Statistical Assemblies of Particles with Spin

TL;DR

This paper develops a comprehensive framework using Lie group $SU(n)$ to describe all possible statistical assemblies of particles with various spins, extending the concept from simple oriented systems to more complex categories.

Contribution

It introduces a Lie group $SU(n)$ based approach to classify and describe all realizable statistical assemblies of particles with different spins, including non-oriented and aligned systems.

Findings

Probability domains form regular polyhedra in $ e^{n-1}$.

Higher spin systems contain multiple empirically determinable axes.

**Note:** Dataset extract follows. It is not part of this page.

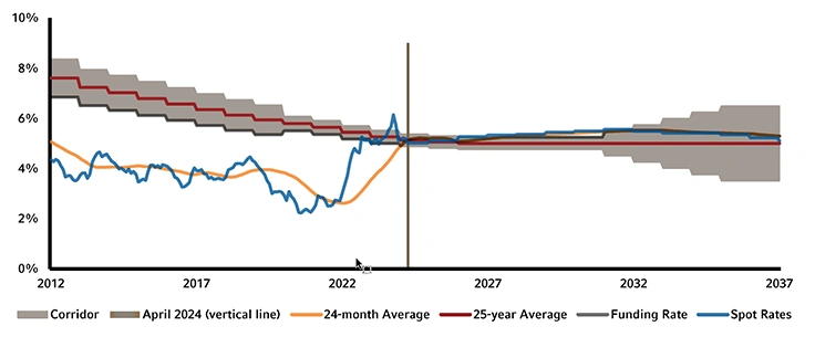 8 Technically, this method aligns with the Funding Target, except for the 25-year smoothing constraint. See Barry M. (2024). Three issues corporate plan sponsors should be aware of in 2024. Russell Investments Blog. Available at: https://russellinvestments.com/us/blog/plan-sponsors-2024-issues.

Only collinearity of axes yields simple oriented systems.

Abstract

Spin, $s$ in quantum theory can assume only half odd integer or integer values. For a given $s$, there exist $n=2s+1$ states $|s,m\rangle$, $m=s,s-1,........,-s$. A statistical assembly of particles (like a beam or target employed in experiments in physics) with the lowest value of spin $s=\frac {1}{2}$ can be described in terms of probabilities $p_m$ assigned to the two states $m=\pm \frac {1}{2}$. A generalization of this concept to higher spins $s>\frac {1}{2}$ leads only to a particularly simple category of statistical assemblies known as `Oriented systems'. To provide a comprehensive description of all realizable categories of statistical assemblies in experiments, it is advantageous to employ the generators of the Lie group $SU(n)$. The probability domain then gets identified to the interior of regular polyhedra in $\Re^{n-1},$ where the centre corresponds to an unpolarized assembly and the vertices represent `pure' states. All the other interior points correspond to `mixed' states. The higher spin system has embedded within itself a set of $s(2s+1)$ independent axes, which are determinable empirically. Only when all these axes turn out to be collinear, the simple category of `Oriented systems' is realized, where probabilities $p_m$ are assigned to the states $|s,m\rangle$. The simplest case of higher spin $s=1$ provides an illustrative example, where additional features of `aligned' and more general `non oriented' categories are displayed.